Looking at the importance of the features and conditions obtained from the rules determined by RuleKit, one can come to conclusions similar to those obtained for rules determined from the decision tree. The main difference is that in rules generated by RuleKit, the fare also plays an important role - the lower the fare, the person traveled in a lower class what determined their survival.

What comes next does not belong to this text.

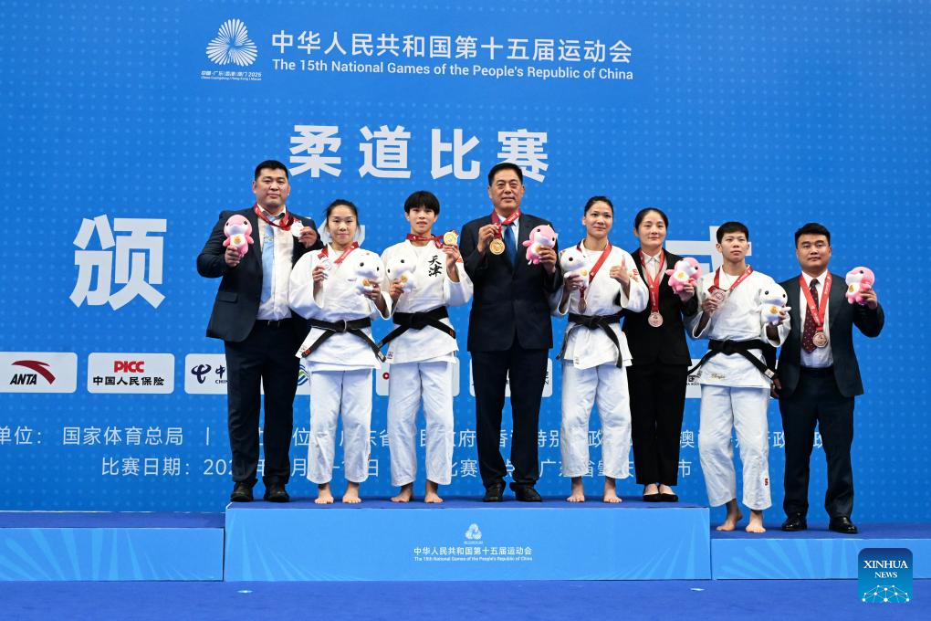 Gold medalist Tao Yuying of Tianjin, silver medalist Zhao Lile of Hebei, bronze medalist Lin Qianxi of Guangdong and bronze medalist Zhou Jia of Inner Mongolia pose for group photos with their coaches during the awarding ceremony for women's Judo -57kg at China's 15th National Games in Zhaoqing, south China's Guangdong Province, Nov. 10, 2025. (Xinhua/Zhu Xiang)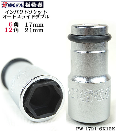 【椿モデル】12.7 インパクトソケット オートスライド ダブル PW-1721-6K12K 17mm6角 21mm12角インパクトレンチ用ソケット

4. Creation of a binary dataset based on top conditions¶

[59]:

X_train_tranformed = explainer.fit_transform(X_train, selector=25)

X_train_tranformed.head(5)

[59]:

	Fare = <52.28, 143.59)	Fare = <29.85, inf)	Pclass = {1}	Fare = <74.38, inf)	Age = <2.5, 6.5)	Sex = {male}	Pclass = {3}	Fare = <10.48, inf)	Fare = (-inf, 10.48)	Sex = {female}	Pclass = {2}	Age = (-inf, 6.5)
0	1	1	1	1	1	1	0	1	0	0	0	1
1	0	0	0	0	0	1	1	0	1	0	0	0
2	0	0	0	0	0	0	1	1	0	1	0	1
3	0	0	0	0	0	1	0	1	0	0	1	0
4	0	0	0	0	0	1	0	1	0	0	1	0

[60]:

X_test_transformed = explainer.transform(X_test)

X_test_transformed.head(5)

[60]:

	Fare = <29.85, inf)	Age = <2.5, 6.5)	Sex = {male}	Pclass = {3}	Fare = <10.48, inf)	Fare = (-inf, 10.48)	Sex = {female}	Pclass = {2}	Age = (-inf, 6.5)
0	0	0	1	1	1	0	0	0	0
1	0	0	1	0	1	0	0	1	0
2	0	0	1	1	0	1	0	0	0
3	1	1	0	0	1	0	1	1	1
4	0	0	0	1	1	0	1	0	0

A binary dataset created in this way can be used to create a classifier using another machine learning algorithm. The advantage of this approach is that RuleKit has created rules on a set containing null values and containing both numeric and categorical variables. However, the prepared dataset consists only of numerical values 0 and 1 determining whether a given condition has been met and does not contain empty values. Therefore, you can easily use algorithms that deal only with numerical values and do not handle missing values, such as RandomForest as shown below.

[62]:

from sklearn.model_selection import cross_val_score
from sklearn.ensemble import RandomForestClassifier

rf = RandomForestClassifier(random_state=1)
cv = cross_val_score(rf, X_train_tranformed,
                     y_train, cv=5, scoring = "balanced_accuracy")
print(cv)
print(cv.mean())

[0.7570922  0.86241057 0.703082   0.73188406 0.8113155 ]
0.7731568645642581

[64]:

rf.fit(X_train_tranformed, y_train)

[64]:

RandomForestClassifier(random_state=1)

[65]:

balanced_accuracy_score(y_test, rf.predict(X_test_transformed))

[65]:

0.7861077638147702

VI. Summary¶

The presented analysis shows how the RuleXAI library may be used for data analysis and model explanation. Explanations, both global and local, are performed using the generated rule-based model representation.